Revisions Date Revision
Version 1 June 2020 Policy Introduced
Version 2 June 2021 Policy Updated
Version 3 June 2022 Policy Reviewed
Version 4 June 2023Policy Reviewed



Policy Statement
Related regulation: Health (Tobacco, Nicotine etc. and Care) (Scotland) Act 2016

  • We have a duty to acknowledge when something has gone wrong and provide an
    honest explanation. Being open, honest, and transparent is the key to developing
    good relations, trust, and partnership between people and those who care for
    them.
  • Hierarchy Business Solutions Limited has clear expectations for leadership
    behaviors and attitudes to support openness and learning. All behaviors and
    attitudes should encourage cultural change and ensure the infrastructure is in place
    to support this.
  • Staff will feel confident that they will be safe and supported to report duty of candour
    incidents so that lessons are learned and shared to improve and increase the safety
    of our care system for everyone.
    • Recording and Reporting
      All duty of candour incidents will be monitored, recorded, and reported by staff within
      Hierarchy Business Solutions Limited. Hierarchy Business Solutions Limited will produce an
      annual report which will outline:
  • The number and nature of unintended or unexpected incidents which have resulted
    in death or harm.
  • Assessment of the extent to which the duty was conducted.

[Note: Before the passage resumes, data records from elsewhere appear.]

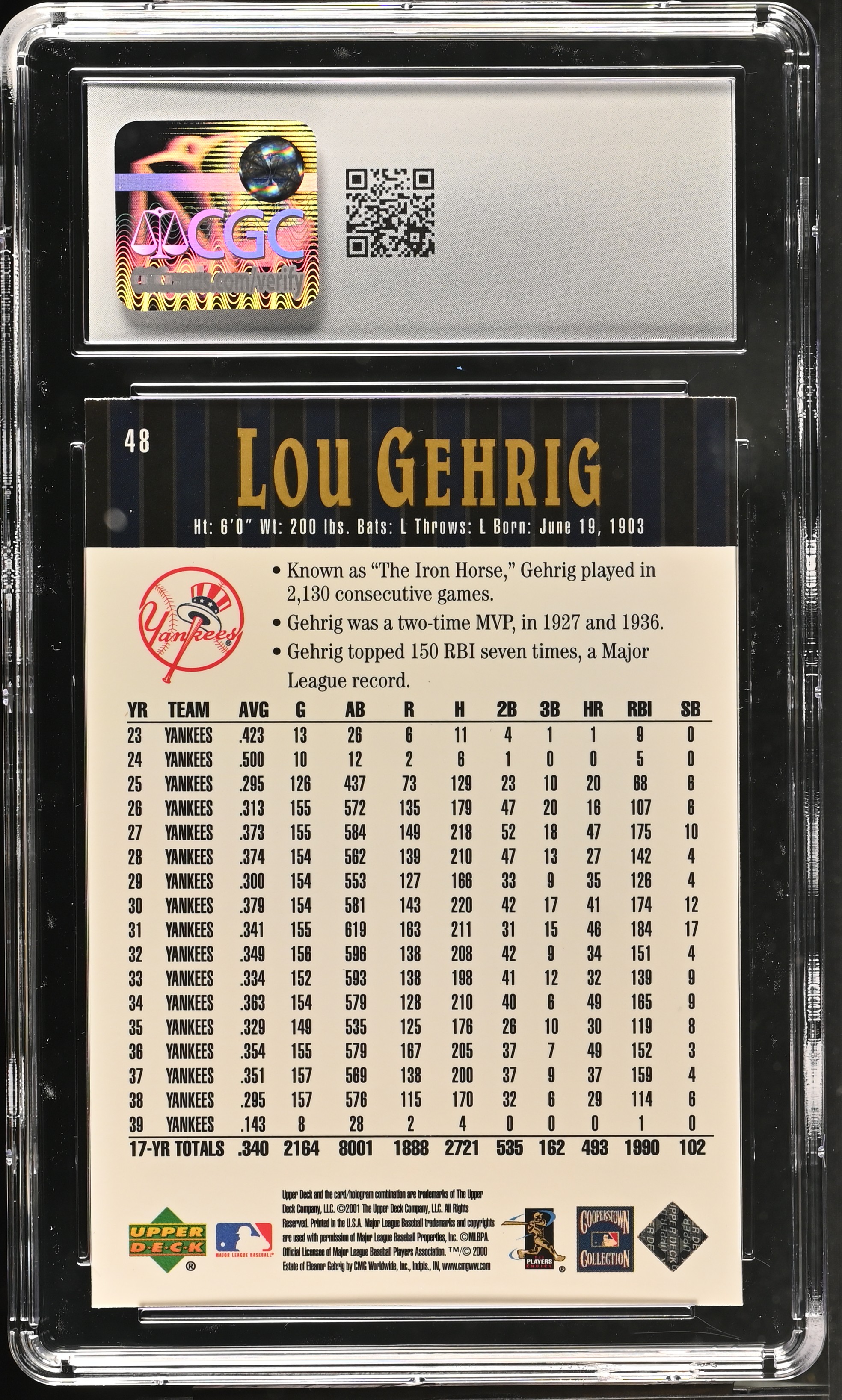 Lou Gehrig 2001 Upper Deck Hall Of Famers #48 (CGC 8)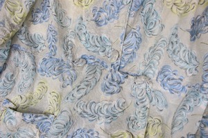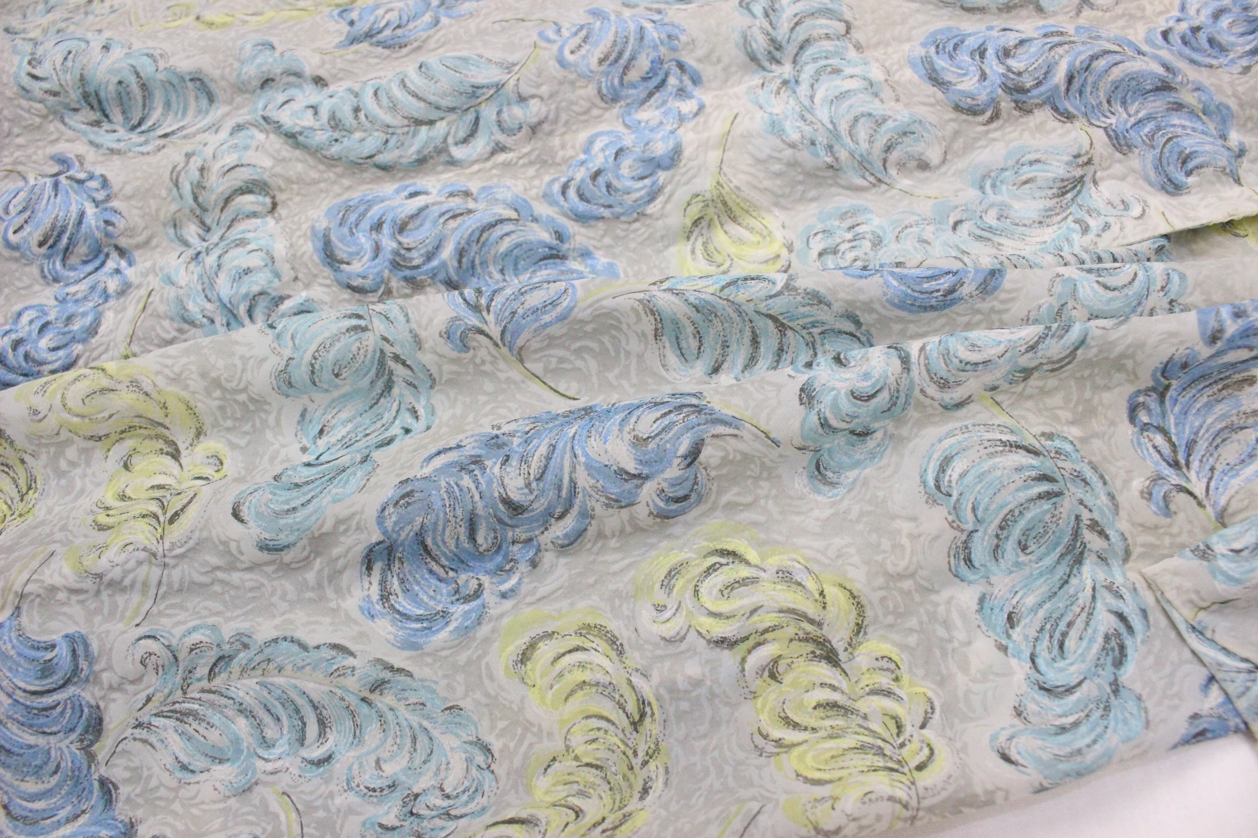 透け感が若干ありつつライトで表情のある織素材に、ふわふわと舞うような羽がライトブルーやライムグリーンで描かれています。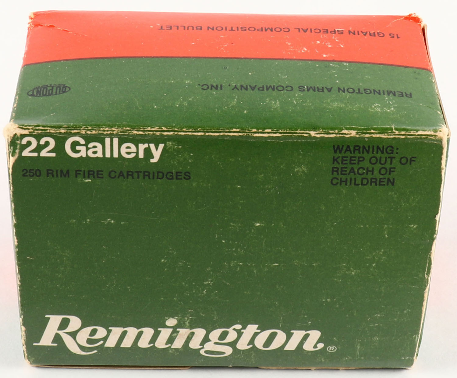 Remington, 22 Gallery, .22 Short, Spatter-Less Gallery, Full, 250rds. 1pc. Green red & white bulk box, box is solid with excellent color, minor shelf & corner wear, very minor edge wear, top flap is solid, ammo is excellent. Grade: Excellent + - Value: 20 to 60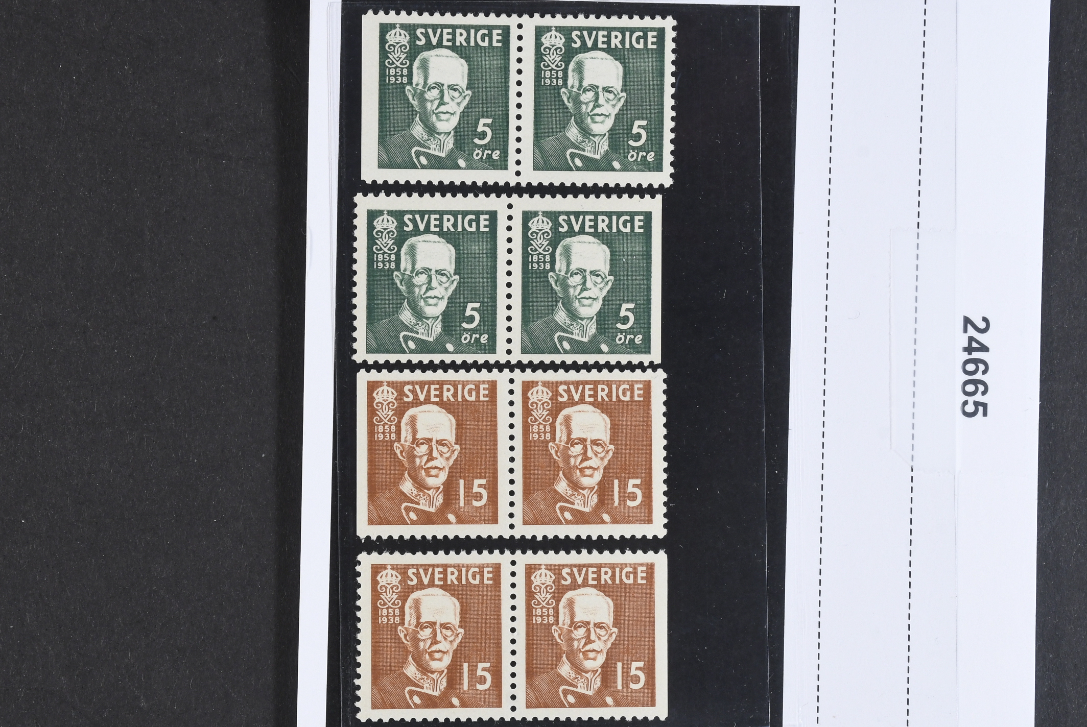 Sweden. Facit 266–67BC/CB ★★, 1938 80th Birthday of King Gustaf V 5 + 15 öre pair 3+4 and 4+3 (4). Wide margins. SEK 2300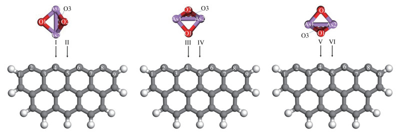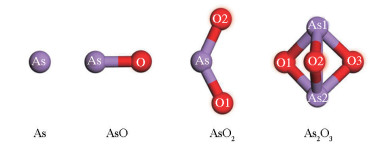 (the purple balls denote arsenic, the red balls denote oxygen, and the same below)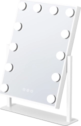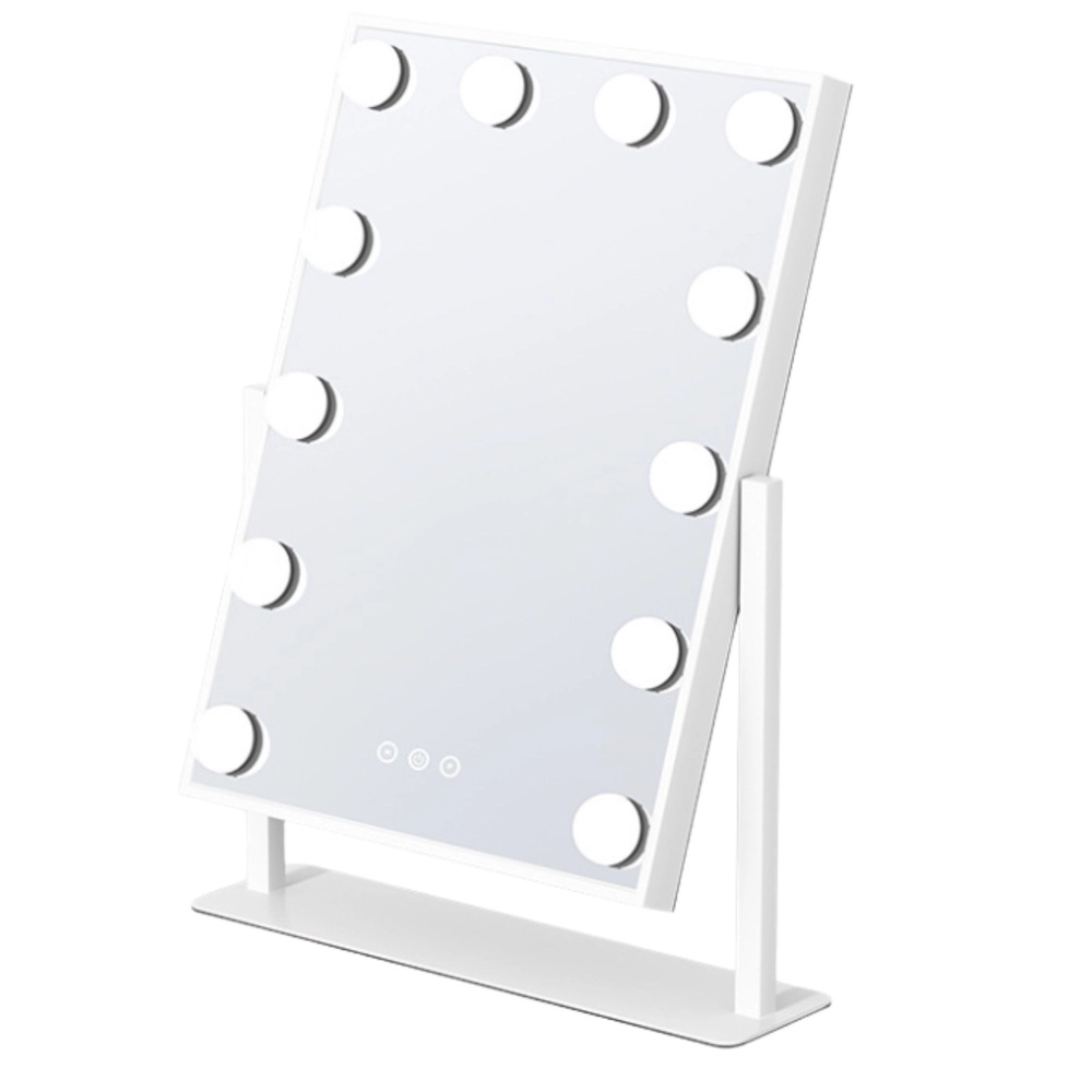 Elegáns hollywoodi tükör 12 LED izzóval, amely egyenletes és erős fényt biztosít a tökéletes sminkeléshez és frizurakészítéshez. Az érintőpanel 3 fény színt (meleg, semleges, hideg fehér) és fokozatmentes fényerő-szabályozást kínál memóriafunkcióval. A stabil fém konstrukció és a 360°-ban forgatható keret ideális szöget biztosít. Stílusos kiegészítő a fésülködőasztalhoz, fürdőszobába és szalonba.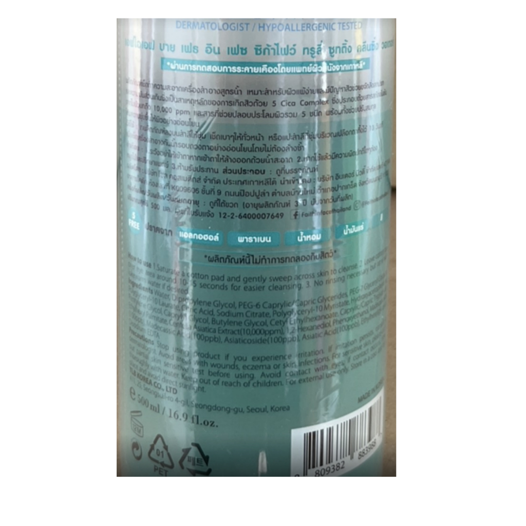FIF by Faith in Face Cica5 Truly Soothing/Truly Waterly Cleansing Water 500ml เฟธอินเฟซ คลีนซิ่งสูตรน้ำ
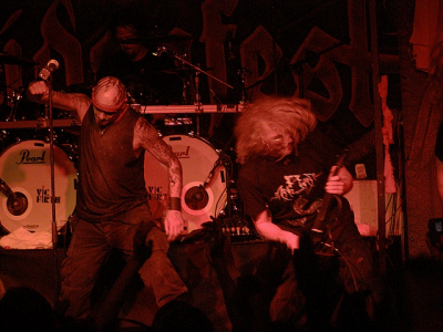Persze a többiek is örülhettek, hiszen a bozseválás után egy kis változatosság jött: és végül ez is zúzott, szóval csápolni, gajdolni itt is lehetett. A közönség zömének koncertélménye nem az együttes már-már spirituális történelem-zenéjének átélésétől lett felejthetetlen, hanem az énekes hol röhejesen bohócszerű, hol a végletekig elvetemült színészkedésétől (itt hozzátenném, hogy a Rettenthetetlenből lenyúlt arcfestés inkább vicces; s ha a zene nem lenne olyan jól megkomponált, valószínűleg elcsúszott volna a középszerű black metál irányba). Sajnos, az előző együttesek már igencsak illuminált állapotban lévő tagjai itt is többször fellopakodtak a színpadra, hogy belerondítsanak a produkcióba – amit, néhány bajtársias vigyort és vállveregetést leszámítva úgy tűnt, az együttes tagjai sem vettek jó néven.

  • Information about the organisation’s policies and procedures to support
    implementation of the duty of candour provisions.
  • Any changes made to policies or practice as a result of the incidents reported.
    • What is harm?
      Severe harm is:
  • When someone dies
  • The permanent disability either physical or psychological (such as removal of the
    wrong limb or organ, or brain damage
    • Not severe harm:
  • An increase in treatment
  • Changes to the structure of their body
  • Shortening of their life
  • An impairment which can be sensory, motor, or intellectual and has lasted or is
    likely to last at least 28 days.
  • Pain or psychological harm which lasts, or is likely to last, for at least 28 days.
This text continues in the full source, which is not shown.